Проснувшись, мальчишки рванули в разные стороны. Алиму дед крикнул: “Стоять, собака трусливая!” А Котьку, догнав в несколько в несколько прыжков коня, лупил нагайкой, пока тот не упал. Тогда дед принялся за Алима. Когда Алим поднял руки, защищая лицо, дед заорал: “Если мужчина, опусти руки, пёс паршивый!” – и продолжал бить.

Потом сказал: ”Идите к доктору. Если он вас простит, ты вернёшься домой. Не простит, иди, куда хочешь.”

Доктором был Котькин отец. Точнее, ветеринаром. А идти надо было километров сорок. Да ещё неизвестно, чем всё кончится, учитывая бешеный нрав и лошадиную силу Котькиного отца.

Они пошли, не очень представляя, куда идти по степи. Где – то там, вон там, кажется, была Шонуста, а за ней Джурак, а потом, километров через двадцать, мост через Куберлэ, а потом Котькин дом.

Они вышли на шлях, или как там говорят, на сошу, и увидели медленно двигающуюся возилку с волами. Когда она догнала их и они попросили подвезти, возница только свистнул, увидев исполосованные лица и порванную одежду мальчишек. “ За что вас так – то?” – “А мы план курили, - объяснил Алим, - а дед застал.” – “Тогда оно, конечно, - протянул возница, - таким джигитам только на коне. А у меня волы.” И заорал на волов: “Цоб – цобэ, мать вашу по голове, заслушались, курвы! А ты, москвич хренов, ещё доктора сын!” – и врезал батогом одного и другого.

Котькин отец был человеком в этих краях известным и очень уважаемым, потому что всё время своё проводил, мотаясь между отарами и гуртами. Стоило его только попросить, и он в любое время дня и ночи, в любую погоду мчался лечить любую животину. В любую даль. Собственно, он приехал сюда, чтобы набрать материалы для диссертации, а потом вернуться в Москву. Но втянулся в такую жизнь, она ему пришлась по душе, он решил здесь остаться. Просто он был нужен здесь. А в Москве только собачки да кошечки, да их толстомясые наштукатуренные хозяйки – дуры, от которых тошнило любого нормального человека.

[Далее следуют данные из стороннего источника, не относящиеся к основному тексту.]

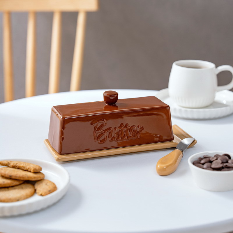跨境原创新品美拉德牛油碟陶瓷黄油盒 奶酪储藏餐厅家用带盖配刀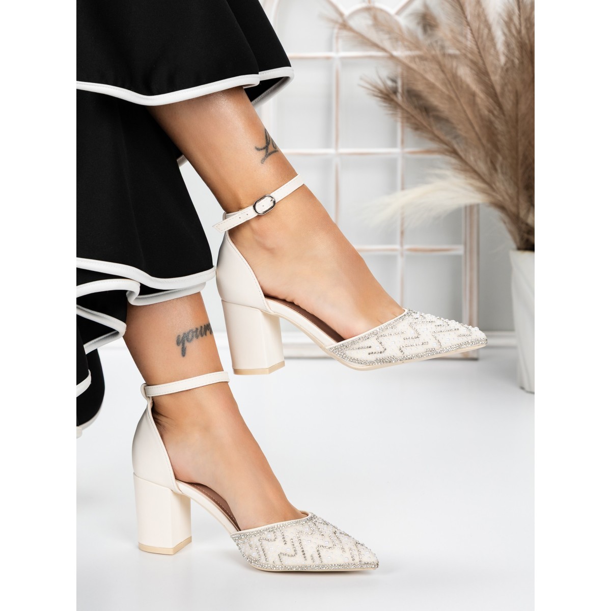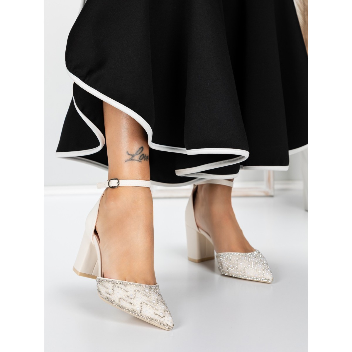 Pantofi cu Toc Gros 5XKK37 BEIGE | MEI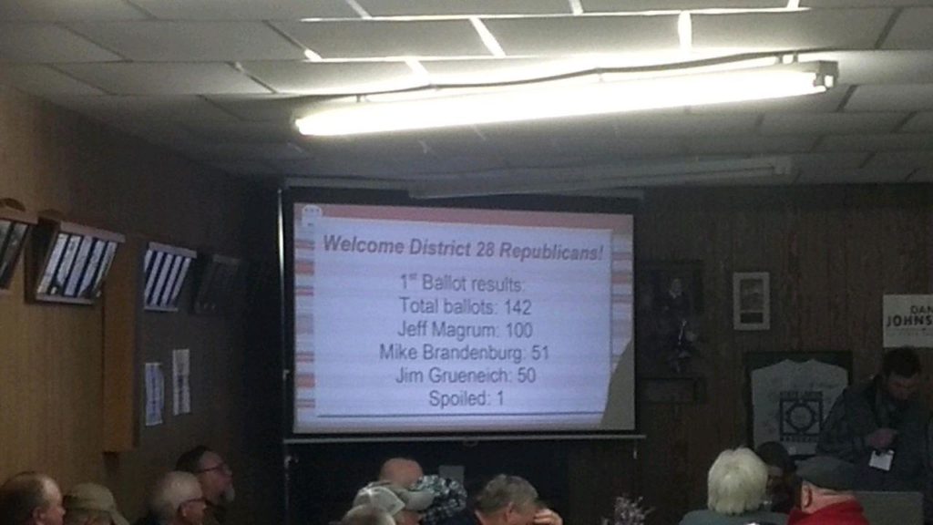 In February, when District 28 Republicans held their endorsing convention, Magrum came out on top as the leading vote getter (100 votes). Brandenburg edged Grueneich by one vote (51-50). (As a side note, incumbent State Senator Robert Erbele went unchallenged for the Senate endorsement.) You can see the House totals below: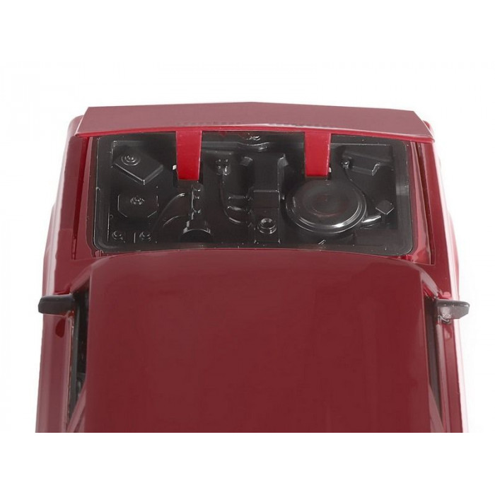 Модель выполнена в масштабе 1:24, у нее открываются передние двери, капот и багажник. Игрушка оснащена инерционным механизмом - если откатить автомобиль немного назад и отпустить, он поедет вперед. При нажатии на корпус и при открытии дверей начинают светиться фары и включается звук.

С женой он разошёлся тихо, отдав ей дочь и все деньги, себе оставив сына. Собственно, они должны были расстаться, иначе и быть не могло. Он считался подающим большие надежды, а она хотела быть женой учёного. Она поехала за ним, думая, что это ненадолго. Потом она могла бы говорить подругам, как она помогала мужу делать диссертацию. А он, оказалось, променял её и семью на грязных чабанов и гуртоправов, от которых мерзко пахло в квартире. Лошади ему были нужнее, чем она, дети и квартира в Москве. Когда она всё поняла и поставила вопрос: я и диссертация или… Он сказал спокойно: хорошо, уезжай.

Котька зиму проводил в интернате, потому что десятилетка была только в районе. Конечно, отец приезжал к нему в интернат чаще, чем домой. Летом Котька мотался с отцом, его знали как сына всеми уважаемого ветеринарного врача. Доктора.

…Утром прадед Алима приехал к Котькиному отцу просить прощения за правнука. Со стороны, наверно, смешно было смотреть, как они, выпив по паре стаканов, просили прощения друг у друга – один за внука, второй за сына. Потом разбудили избитых ещё раз мальчишек и отправили пешком назад – пасти сакман. Им сказали, что они прощены, но на второй раз надеяться не стоит.

В семье Алима их накормили, смазали шрамы и синяки какой – то вонючей гадостью, после чего боль быстро прошла.

Прадед Алима, ещё хмельной, предложил Котьке жениться на младшей сестре Алима, Шавдал. “Когда войдёт в возраст.” – сказал он.

Вообще – то Котька жениться не собирался. Они с Алимом хотели стать лётчиками – испытателями, а зачем жена человеку, вся жизнь которого - ежедневный смертельный риск? Но, с одной стороны, деда обижать не стоило, а с другой, восьмилетняя Шавдал была очень красивой, а поскольку ждать, когда она подрастёт, было ещё долго, то Котька согласился. Всё равно, потом, когда Котька станет лётчиком – испытателем, всем и так станет ясно, что к чему. Так Шавдал и Котька стали невестой и женихом.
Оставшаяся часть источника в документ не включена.